I have a database who looks like this:

Years	pf1	pf2	pf3	pf4	pf5	pf6	pf7	pf8	…	pf119
2006	0,99995	0,99984	0,99969	0,99954	0,99939	0,99924	0,99909	0,99894		0,99864
2007	0,90419475	0,86805513	0,95407293	0,8676255	0,9106782	0,89055109	0,99534984	0,82628474		0,85245713
2008	0,9547502	0,86854718	0,80312147	0,94014155	0,92665103	0,97910746	0,95293207	0,94262974		0,86068283
2009	0,84331363	0,81522629	0,98906643	0,88725626	0,94812541	0,85975439	0,93789548	0,98424024		0,82137827
2010	0,83663445	0,84507837	0,91888898	0,95447863	0,87323238	0,98027643	0,93558909	0,85553856		0,97474632
2011	0,86543087	0,9058221	0,80951478	0,97289518	0,80704643	0,94382676	0,89678733	0,93423198		0,89965292
2012	0,91703081	0,88559104	0,8006615	0,89746979	0,96224727	0,93283978	0,99704944	0,95622047		0,92032314
…
2056	0,91923551	0,98895088	0,94733737	0,88924355	0,84496988	0,88136723	0,86645268	0,88707045		0,9918978

I would like to create a single database for each line (without the first column, which is the name of the file), i.e.:

2006.sas7bdat:

pf1	pf2	pf3	pf4	pf5	pf6	pf7	pf8	…	pf119
0,99995	0,99984	0,99969	0,99954	0,99939	0,99924	0,99909	0,99894		0,99864

2007.sas7bdat:

pf1	pf2	pf3	pf4	pf5	pf6	pf7	pf8	…	pf119
0,90419475	0,86805513	0,95407293	0,8676255	0,9106782	0,89055109	0,99534984	0,82628474		0,85245713

etc.

Is there a way to do this with a macro or something. Otherwise, it's not very efficient to do it manually.

Thanks

bnarang · Posted 12-15-2012 02:37 AM

I would have done it this way.

%Macro temp;

Data _null_;

Set Temp end = eof;

count+1;

if eof then call symput('c_yr', compress(count));

Run;

Proc sql;

select years into : yr1 - :yr&c_yr from temp;

quit;

%do i= 1 %to &c_yr;

Data Y&&yr&i.;

Set temp ;

where years eq &&yr&i.;

Run;

%end;

%Mend;

%temp;

View solution in original post

Linlin · Posted 12-14-2012 09:40 PM

data have;

input year p1;

cards;

2005 234.1

2006 456.4

2007 786.1

;

proc sql noprint;

select year into:key separated by ' '

from have;

quit;

%macro dist;

%do i=1 %to %sysfunc(countw(&key));

%let dsn=%scan(&key,&i);

data _&dsn;

set have;

where year=&dsn;

drop year;

run;

%end;

%mend;

%dist

bnarang · Posted 12-15-2012 02:37 AM

I would have done it this way.

%Macro temp;

Data _null_;

Set Temp end = eof;

count+1;

if eof then call symput('c_yr', compress(count));

Run;

Proc sql;

select years into : yr1 - :yr&c_yr from temp;

quit;

%do i= 1 %to &c_yr;

Data Y&&yr&i.;

Set temp ;

where years eq &&yr&i.;

Run;

%end;

%Mend;

%temp;

Demographer · Posted 12-15-2012 04:31 PM

Thanks all. This forum is wonderful. Hopefully I would be as good programer as you are in the next years.

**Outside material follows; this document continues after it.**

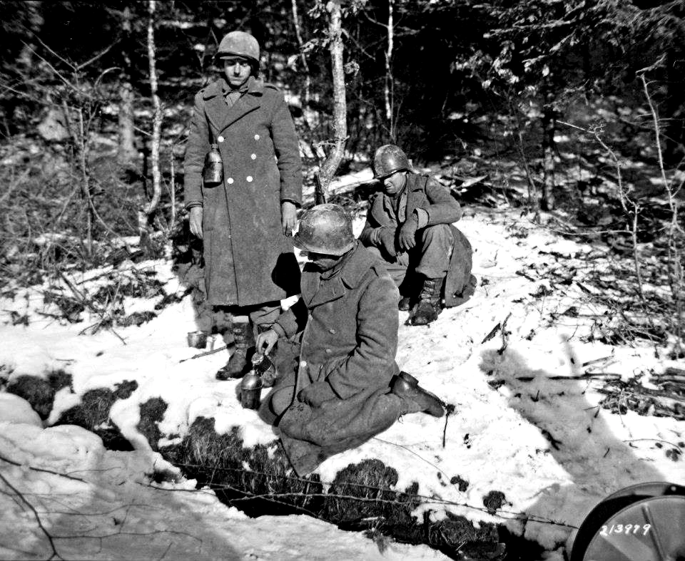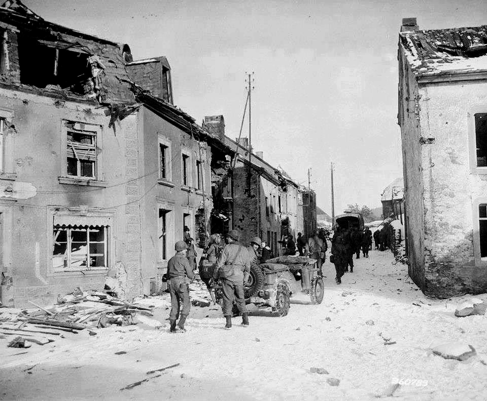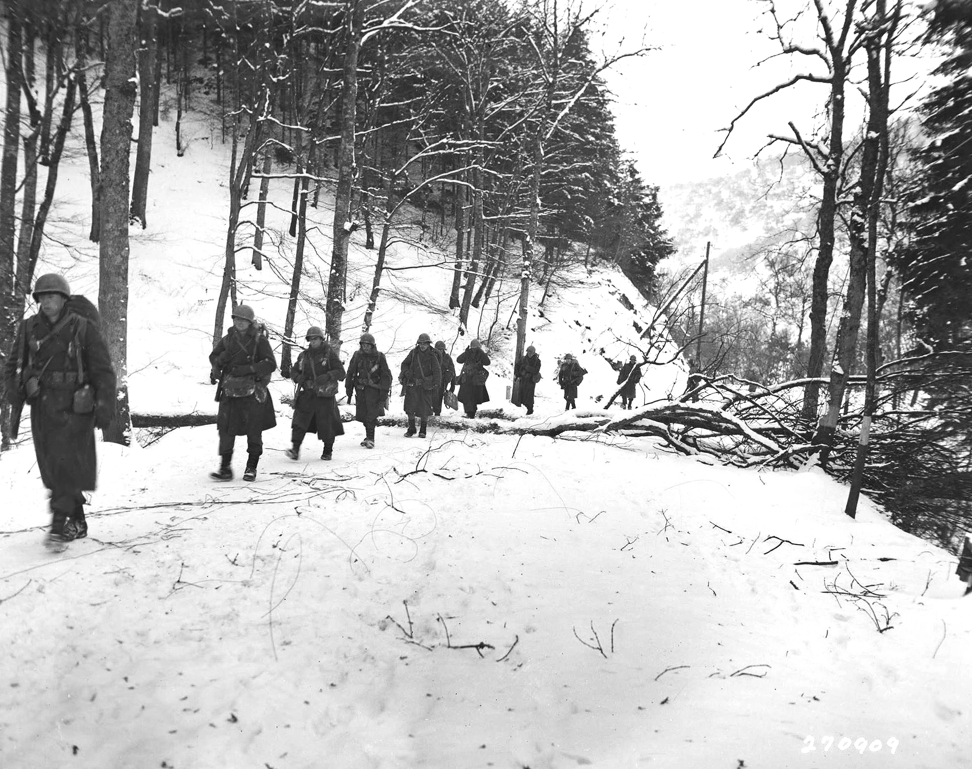 In December 1944, the strategic situation changed dramatically with the launch of the German Ardennes offensive, known as the Battle of the Bulge. The 26th Infantry Division was rapidly redeployed northward to help contain the German breakthrough. Moving into Luxembourg, the division occupied defensive positions in the path of advancing German forces. The fighting in Luxembourg was intense and often chaotic. The division was required to hold key terrain, delay enemy advances, and participate in counterattacks under severe winter conditions. Temperatures were low, supply lines were strained, and the operational picture remained fluid. Despite these challenges, the division contributed significantly to halting the German offensive and stabilizing the front. Once the immediate crisis of the Ardennes had passed, Allied forces resumed offensive operations. In early 1945, the division returned to the Saar region and participated in renewed efforts to breach German defenses. The capture of Saarburg and subsequent advances into the Rhineland marked a turning point. German resistance, while still formidable, was increasingly disorganized.

data_null__ · Posted 12-15-2012 09:08 PM

I think if you move the WHERE statements to the DATA statement as a data set options for each data set name you generate you could create all the data sets with one pass of the data.

bnarang · Posted 12-16-2012 02:08 AM

Yes, Data_null_ , you are right. that would make it fast.

Linlin · Posted 12-19-2012 10:05 PM

Hi Bhpinder,

You can combine your two steps:

Data _null_;

Set Temp end = eof;

count+1;

if eof then call symput('c_yr', compress(count));

Run;

Proc sql;

select years into : yr1 - :yr&c_yr from temp;

quit;

into one:

Data _null_;

Set Temp end = eof;

call symputx(cats('yr',_n_),years);

if eof then call symputx('c_yr',_n_);

Run;

bnarang · Posted 12-19-2012 10:40 PM

Thank you so much Linlin. I did not know about call symputx. It's such a great place to learn.

joehinson · Posted 12-15-2012 02:49 PM

The macro solutions are great for such problems.

Incidentally, the hash-of-hashes (HOH) technique was first demonstrated by Richard DeVenezia for dataset splitting.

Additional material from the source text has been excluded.